The Prodi Commission was the European Commission in office between 1999 and 2004. The administration was led by former Italian Prime Minister Romano Prodi.

==History==
The commission took office on 16 September 1999 following the scandal and subsequent resignation of the Santer Commission which had damaged the reputation of the institution. The college consisted of 20 Commissioners which grew to 30 following the Enlargement of the European Union in 2004. It was the last commission to see two members allocated to the larger member states.

This commission (the 10th) saw in increase in power and influence following the Amsterdam Treaty. Some in the media described president Prodi as being the first "Prime Minister of the European Union".

As well as the enlargement and Amsterdam Treaty, the Prodi Commission also saw the signing and enforcement of the Nice Treaty as well as the conclusion and signing of the European Constitution: in which he introduced the "Convention method" of negotiation. From 1999 Prodi saw in the euro and by 2002 it came into cash form and the single currency for 12 of the EU's 15 member states. The body was however criticised for being lacklustre, with poor communication and failing to make an impact despite major events such as enlargement and the euro.

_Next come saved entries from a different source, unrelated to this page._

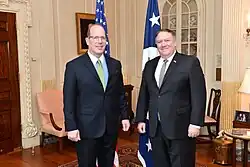 Christopher Ashley Ford (born 1967) is an American lawyer and government official who served from January 2018 until January 2021 as Assistant Secretary of State for International Security and Nonproliferation. He was nominated to that position by President Donald Trump,[1] and confirmed unanimously by the U.S. Senate on December 21, 2017.[2] After October 21, 2019, Ford also, by delegation from Secretary of State Michael Pompeo, performed the duties of the Under Secretary of State for Arms Control and International Security until his resignation from the Department of State on January 8, 2021.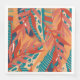 Tropical Leaves in Teal, Red, Orange with Beach coloured trim in red and blue. A popular collection, this decor is available on various decor and entertaining products.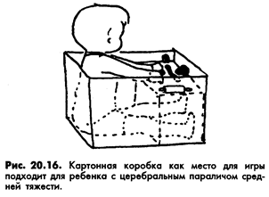 Прочная картонная коробка – прекрасное место для игр: самые разные игрушки можно подвесить к стенкам коробки или положить на дно, внутрь можно поставить маленькую коробку-стол (рис. 20.16). Подчеркнем еще раз – ребенок не должен сидеть пассивно и неподвижно, и картонная коробка прекрасно подходит для развития движений. Сидя в ней, ребенок может передвигаться, пытаться вставать и т. д.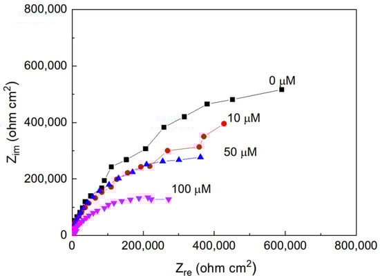 The effect of the addition of different concentrations of methyl linoleate to methyl oleate on the Nyquist plots for Al, displayed a similar trend to that observed for aluminum immersed in methyl oleate with varying concentrations of methyl linoleate (Figure 3), where the impedance response also exhibits capacitive semicircles centered on the real axis. The semicircle diameter decreased with an increase in the methyl linoleate concentration, indicating; thus, an increase in the Al corrosion rate.
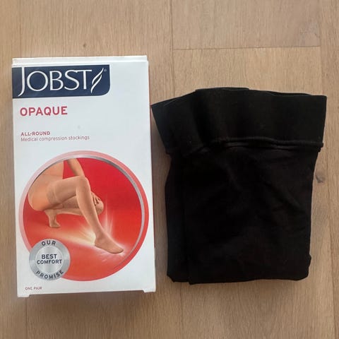 silikonbånd øverst for bedre feste. Strømpen er beregnet som kompresjonsstrømpe opptil lår. i original eske med produktinformasjon på emballasjen.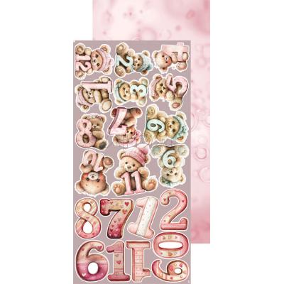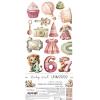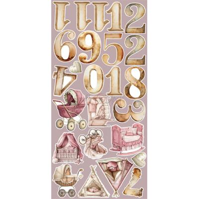 Hübsche Kollektion zum Thema Babys und kleine Mädchen. Mit niedlichen Tiermotiven, Zahlen, Blumen und Baby Accessoires in den Farben Rosa, Grün, Rot, Gold, Braun und Weiß.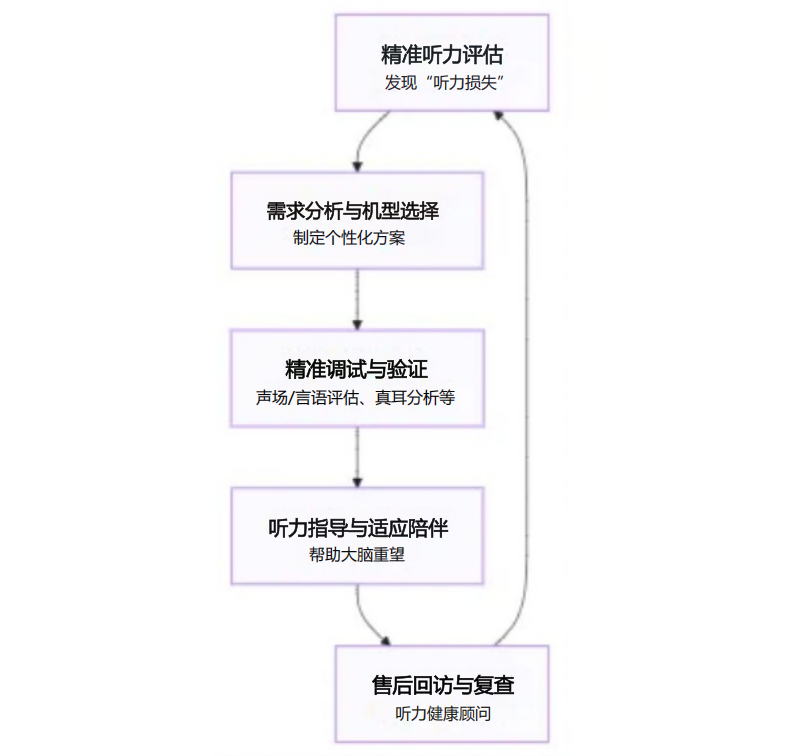 下面这张图清楚地展示了专业验配师是怎么通过一套完整的流程,最终为您实现清晰的聆听体验: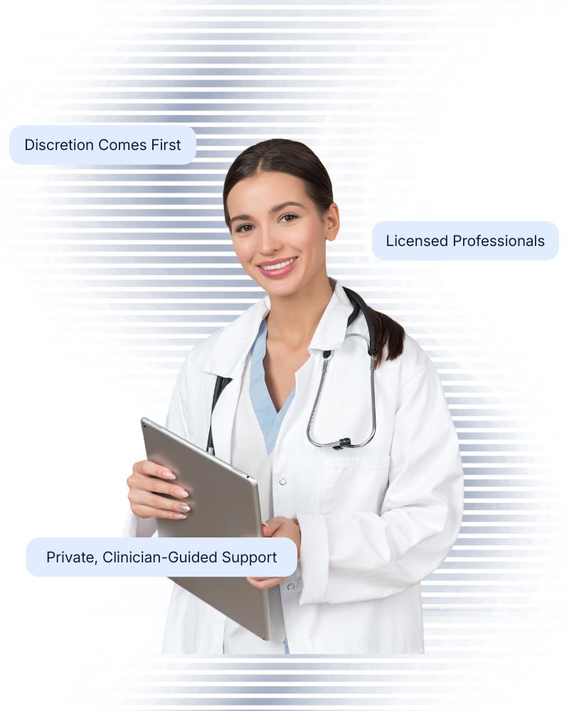 Every conversation is guided by experienced, licensed professionals who understand the clinical, personal, and professional complexities involved.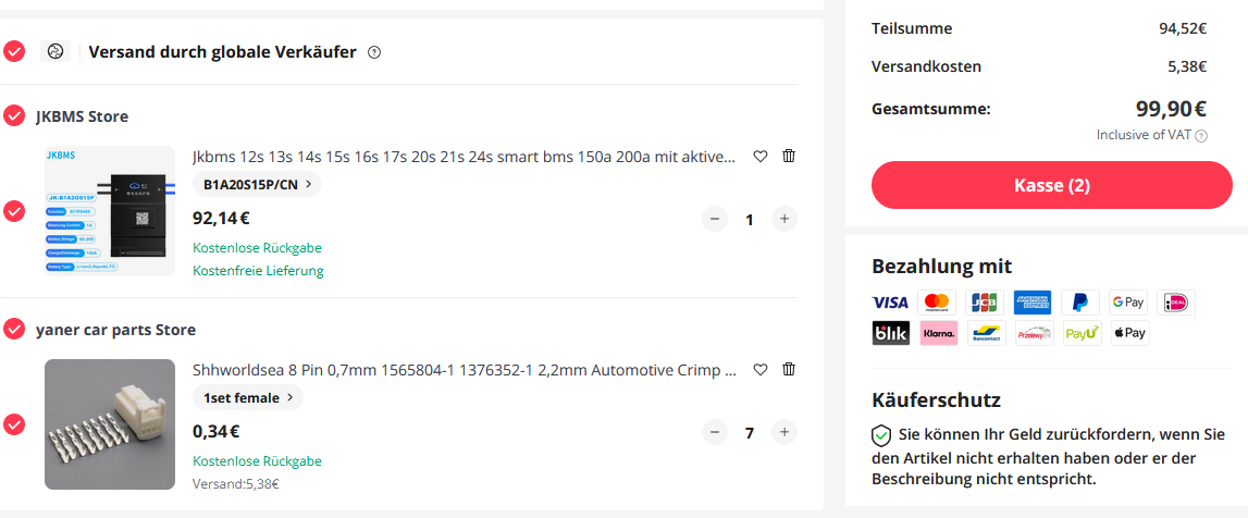 Das TwizyBMS hat Steckerverbindungen zu jeder Zelle, JK-BMS kommt mit offenen Kabelenden. Beides parallel zu betreiben verbietet sich.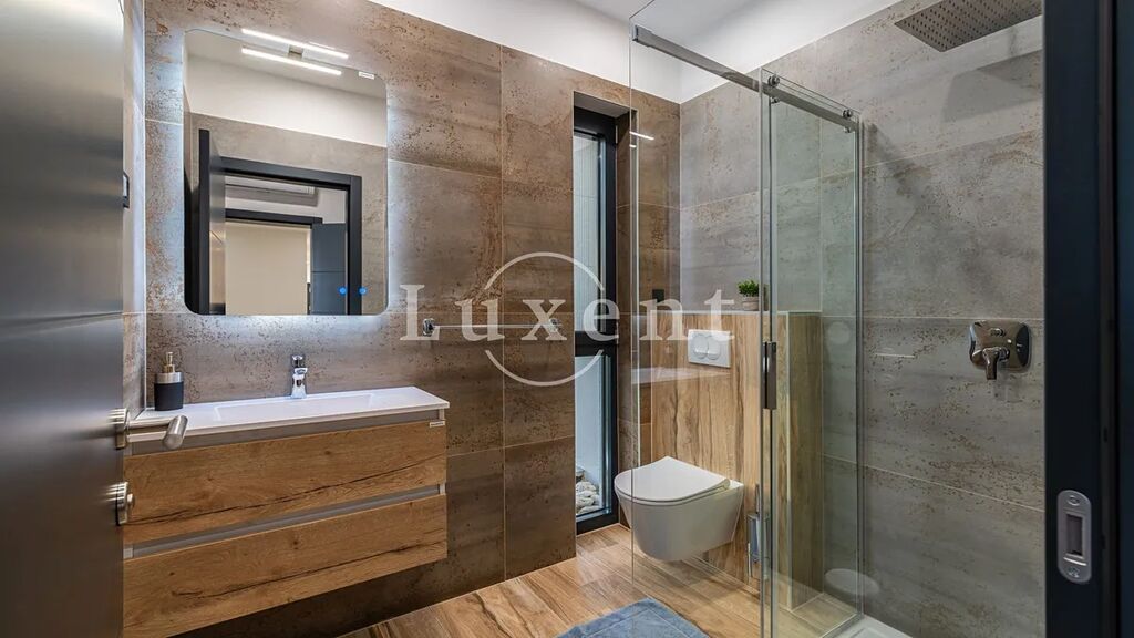 Druhé patro vily je věnováno třem luxusním ložnicím, z nichž každá má vlastní koupelnu a balkon s nádherným výhledem na moře. Vila je vybavena moderním systémem vytápění a chlazení s tepelným čerpadlem a podlahovým vytápěním, které zajišťuje optimální komfort v každém ročním období.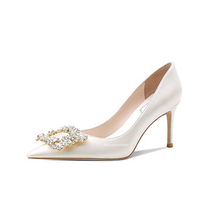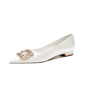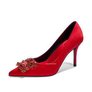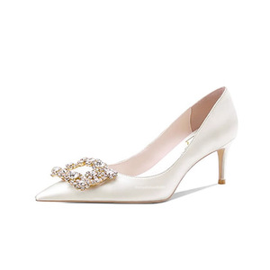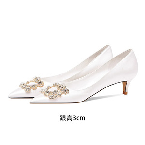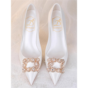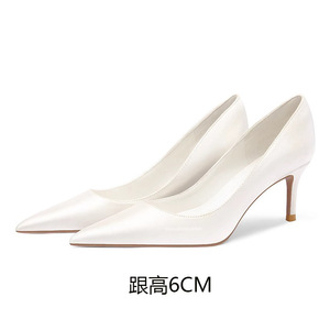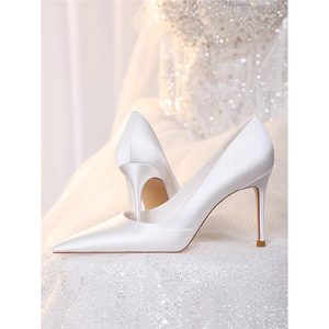 香港スタイルのサテンハイヒールの女性の 2025 春と秋の新しいウェディングドレスブライダルシューズフレンチシングルシューズドレスブライドメイドシューズ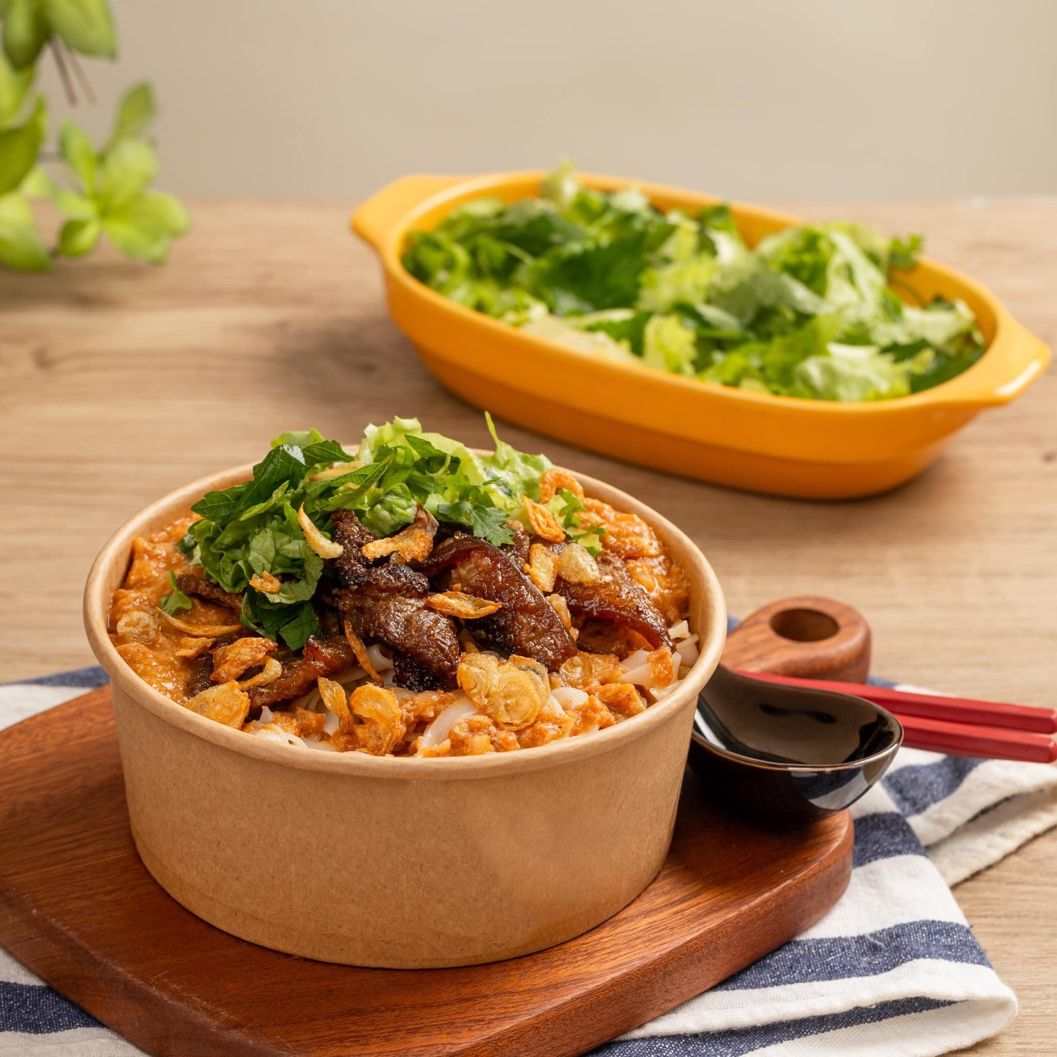 Món ăn này là sự kết hợp giữa bánh phở tươi (hoặc mì chũ) với phần xốt màu nâu cam làm từ cua đồng, thịt băm và cà chua chín mọng.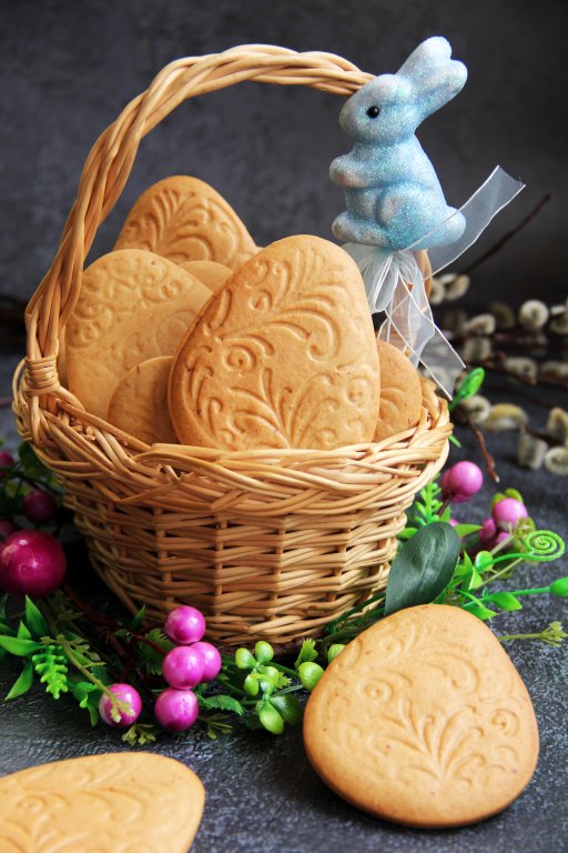 Предлагаю приготовить очень вкусные, рассыпчатые и ароматные медово-имбирные пряники. Испечь их можно к домашнему чаепитию или к празднику (например, к Рождеству или Пасхе). Пряничное тесто, замешанное по этому рецепту, приятное в работе, оно ровно поднимается в процессе выпечки. Придать пряникам можно любую форму, используя различные трафареты. Я пекла к Пасхе, поэтому придала пряникам форму яиц. Готовую выпечку можно покрыть глазурью. Но я нанесла рисунок на пряники перед выпечкой, поэтому решила сделать их без глазури. Приготовьте медово-имбирные пряники по этому рецепту и насладитесь их вкусом и ароматом!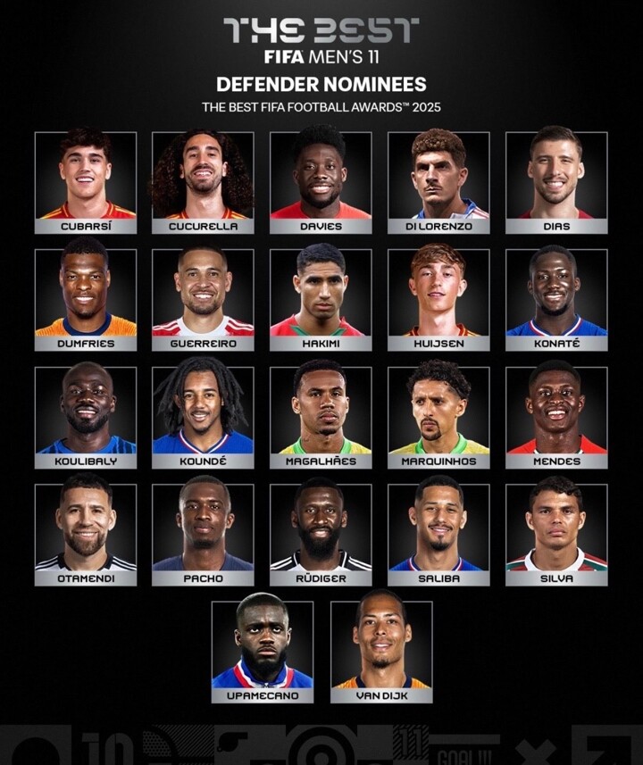 FIFA Best 11 Defender of the Year candidate: Van Dijk, Saliba, Achraf on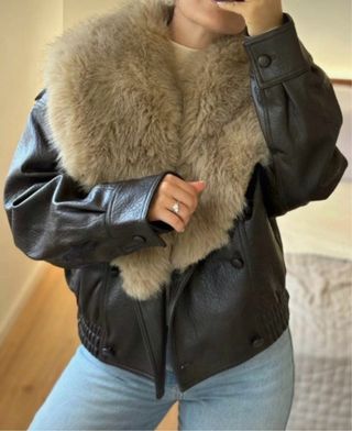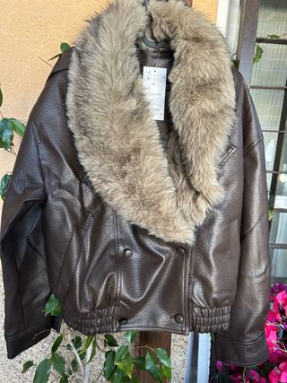 Rebajada!! Sin estrenar! Envíos por Inpost.Cazadora de efecto piel con un elegante cuello desmontable con diferentes posiciones.Modelo viral - Cuello de pelo sintético. - Cierre de botones. - Puños y cintura elásticos.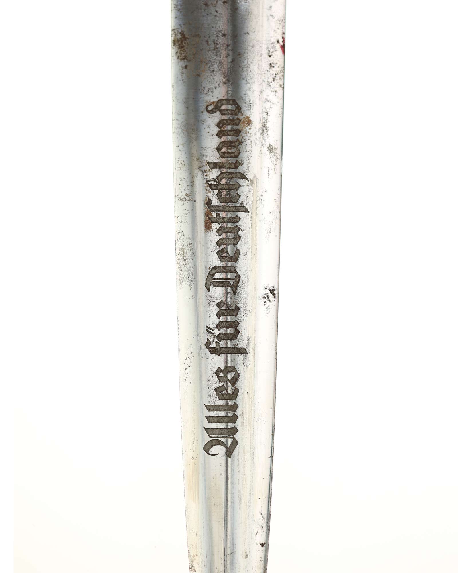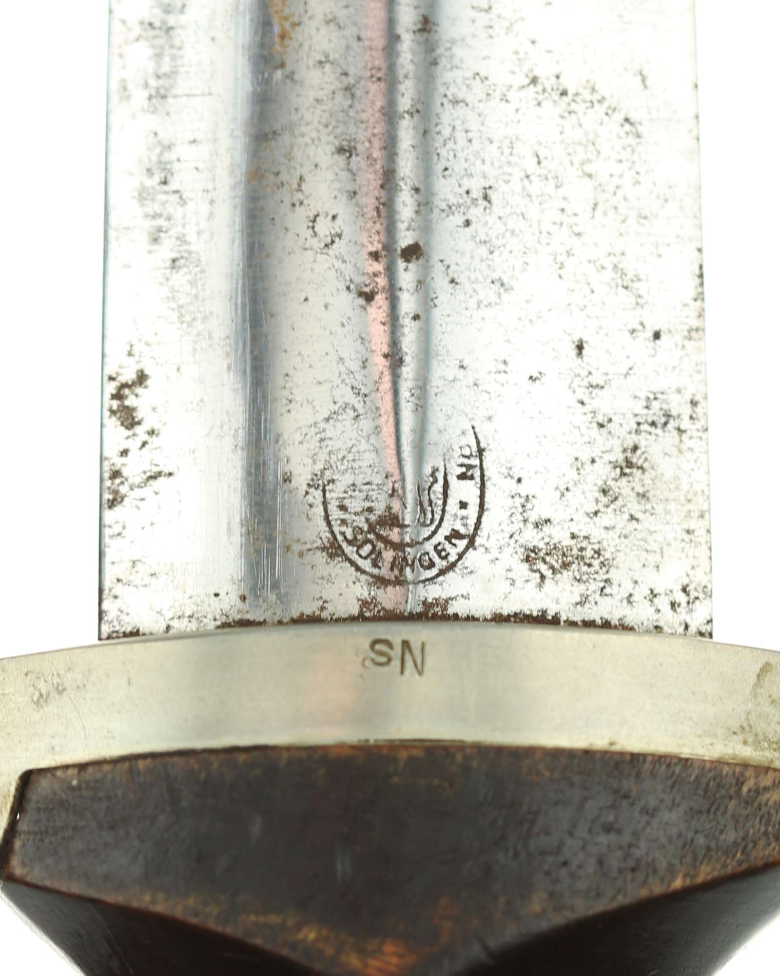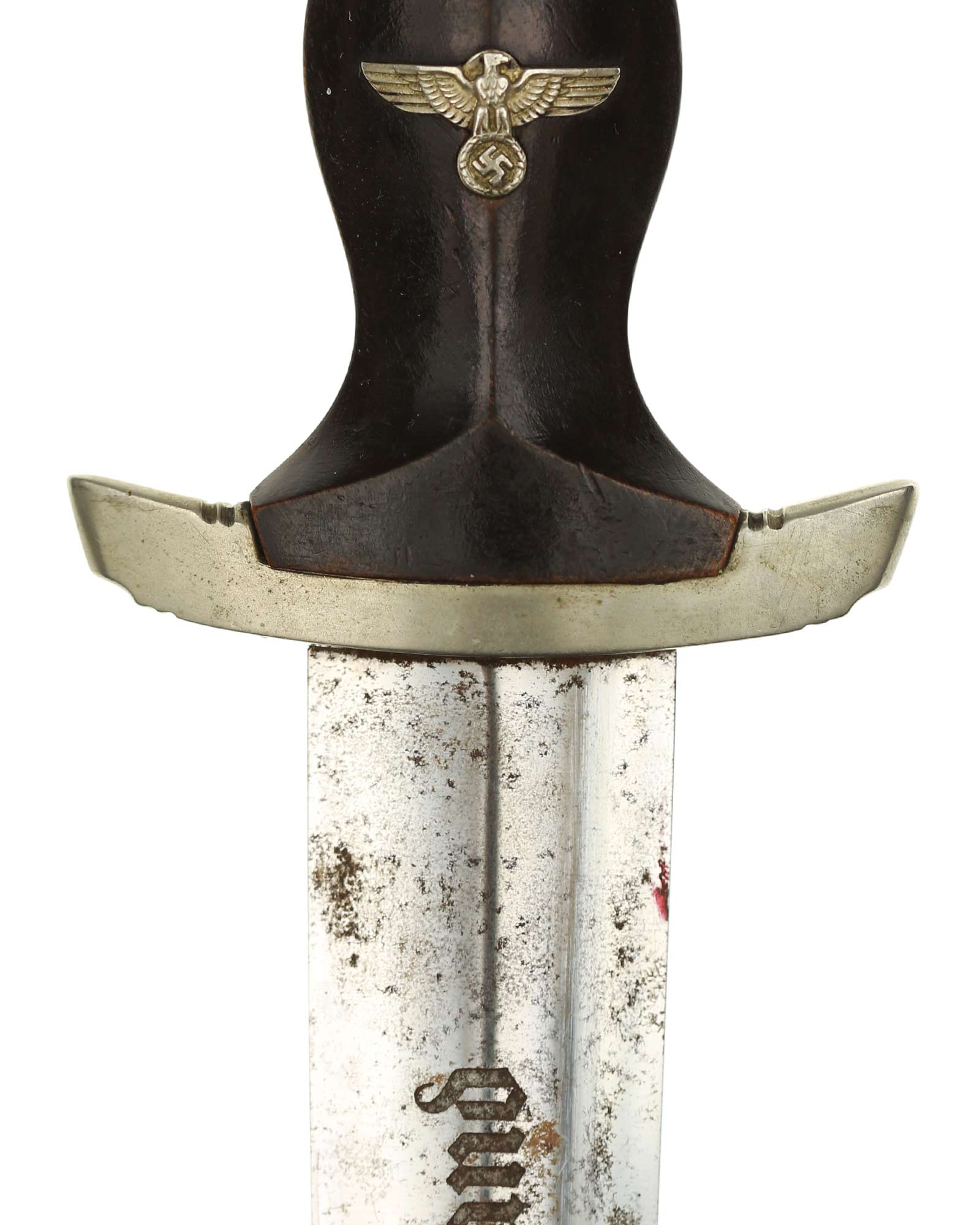 Клинок: Клинок кинжала прямой, стальной, двулезвийный, кинжального типа, с выраженным центральным ребром. На одной стороне клинка методом травления нанесен девиз СА «Всё для Германии» (Alles für Deutchland). Клинок на оборотной стороне у основания стоит клеймо производителя Carl Eickhorn Solingen.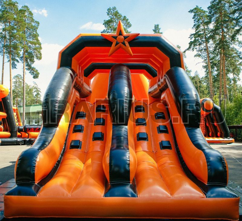 Уникальная полоса препятствий в эксклюзивных цветах гвардейской ленты — подарок не только к празднику 9 Мая, но и по любому поводу. Двадцатипятиметровая чёрно-оранжевая «лента» на вашем мероприятии — согласитесь, это круто! Если вам не хватает стандартной длинны данной полосы препятствий, то мы можем предложить варианты, как усложнить и удлинить данную полосу препятствий вплоть до 400 метров.

The commission was due to leave office on 31 October 2004, but due to opposition from the European Parliament to the proposed Barroso Commission which would succeed it, it was extended and finally left office on 21 November 2004.

==Commissioners==

New commissioners following the 2004 enlargement with president Prodi

When the Commission took office in 1999, there were 20 Commissioners, one from each member state and two from the largest 5 states (Italy, France, Germany, Spain and the United Kingdom).

2004 saw 15 new Commissioners, 5 replacing existing Commissioners who had resigned before the end of their mandate and 10 from the new member states who joined in that year. Most of these Commissioners continued to serve in the following Barroso Commission.

The members from the new states shared a portfolio with an existing member, rather than creating new posts or having Commissioners (old or new) without a portfolio.

The following table indicates the number of Commissioners according to their political alignment at the start of the commission, those who joined from the new member states and the number when the Commission left office. The colours reflect those used in the table of Commissioners below.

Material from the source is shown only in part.